PROVIDED RECORDS =>
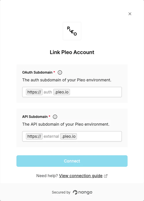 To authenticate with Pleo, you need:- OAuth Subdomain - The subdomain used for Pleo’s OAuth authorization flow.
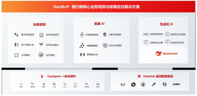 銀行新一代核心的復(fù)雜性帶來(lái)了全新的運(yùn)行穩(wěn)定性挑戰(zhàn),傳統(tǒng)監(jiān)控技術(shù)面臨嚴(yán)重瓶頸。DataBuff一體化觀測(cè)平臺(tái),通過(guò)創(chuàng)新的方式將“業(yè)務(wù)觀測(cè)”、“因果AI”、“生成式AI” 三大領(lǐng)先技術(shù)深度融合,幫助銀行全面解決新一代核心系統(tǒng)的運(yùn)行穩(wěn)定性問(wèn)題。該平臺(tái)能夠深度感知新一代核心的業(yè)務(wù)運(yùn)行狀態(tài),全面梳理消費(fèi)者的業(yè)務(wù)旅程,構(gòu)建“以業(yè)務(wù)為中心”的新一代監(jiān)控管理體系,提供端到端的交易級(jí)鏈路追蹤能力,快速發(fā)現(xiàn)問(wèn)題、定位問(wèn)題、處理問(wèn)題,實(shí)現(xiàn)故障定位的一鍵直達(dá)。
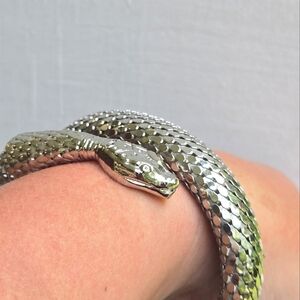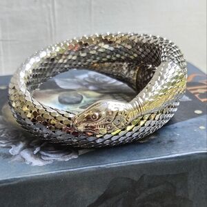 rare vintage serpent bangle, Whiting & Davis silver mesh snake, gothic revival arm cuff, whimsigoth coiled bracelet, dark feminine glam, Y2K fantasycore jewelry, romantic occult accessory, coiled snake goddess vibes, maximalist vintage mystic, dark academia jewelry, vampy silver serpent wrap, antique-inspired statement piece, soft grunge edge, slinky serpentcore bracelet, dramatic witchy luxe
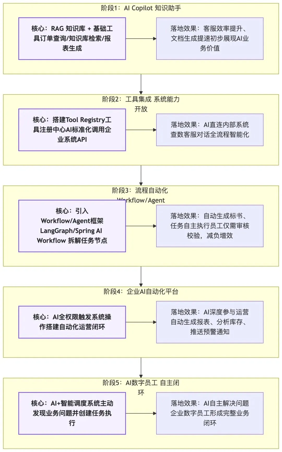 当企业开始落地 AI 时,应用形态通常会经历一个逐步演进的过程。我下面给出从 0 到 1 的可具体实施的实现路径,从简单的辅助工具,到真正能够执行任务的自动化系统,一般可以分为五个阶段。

==

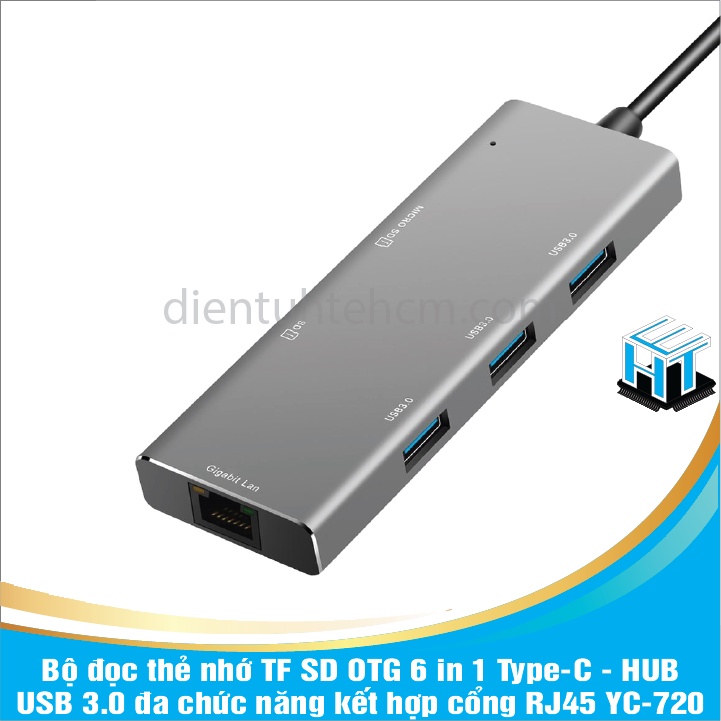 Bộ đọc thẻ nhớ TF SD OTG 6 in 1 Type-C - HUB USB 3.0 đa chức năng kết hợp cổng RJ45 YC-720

INSTRUCTIONS TO FOLLOW =>
With pictures excluded, reproduce exactly the lines above from the one containing "To authenticate with" down to the one containing "当企业开始落地 AI 时,应用形态通常会经历一个逐步演进的过程。我下面给出从", those two included.

ANSWER TO THIS EXERCISE =>
 To authenticate with Pleo, you need:- OAuth Subdomain - The subdomain used for Pleo’s OAuth authorization flow.
 銀行新一代核心的復(fù)雜性帶來(lái)了全新的運(yùn)行穩(wěn)定性挑戰(zhàn),傳統(tǒng)監(jiān)控技術(shù)面臨嚴(yán)重瓶頸。DataBuff一體化觀測(cè)平臺(tái),通過(guò)創(chuàng)新的方式將“業(yè)務(wù)觀測(cè)”、“因果AI”、“生成式AI” 三大領(lǐng)先技術(shù)深度融合,幫助銀行全面解決新一代核心系統(tǒng)的運(yùn)行穩(wěn)定性問(wèn)題。該平臺(tái)能夠深度感知新一代核心的業(yè)務(wù)運(yùn)行狀態(tài),全面梳理消費(fèi)者的業(yè)務(wù)旅程,構(gòu)建“以業(yè)務(wù)為中心”的新一代監(jiān)控管理體系,提供端到端的交易級(jí)鏈路追蹤能力,快速發(fā)現(xiàn)問(wèn)題、定位問(wèn)題、處理問(wèn)題,實(shí)現(xiàn)故障定位的一鍵直達(dá)。
 rare vintage serpent bangle, Whiting & Davis silver mesh snake, gothic revival arm cuff, whimsigoth coiled bracelet, dark feminine glam, Y2K fantasycore jewelry, romantic occult accessory, coiled snake goddess vibes, maximalist vintage mystic, dark academia jewelry, vampy silver serpent wrap, antique-inspired statement piece, soft grunge edge, slinky serpentcore bracelet, dramatic witchy luxe
 当企业开始落地 AI 时,应用形态通常会经历一个逐步演进的过程。我下面给出从 0 到 1 的可具体实施的实现路径,从简单的辅助工具,到真正能够执行任务的自动化系统,一般可以分为五个阶段。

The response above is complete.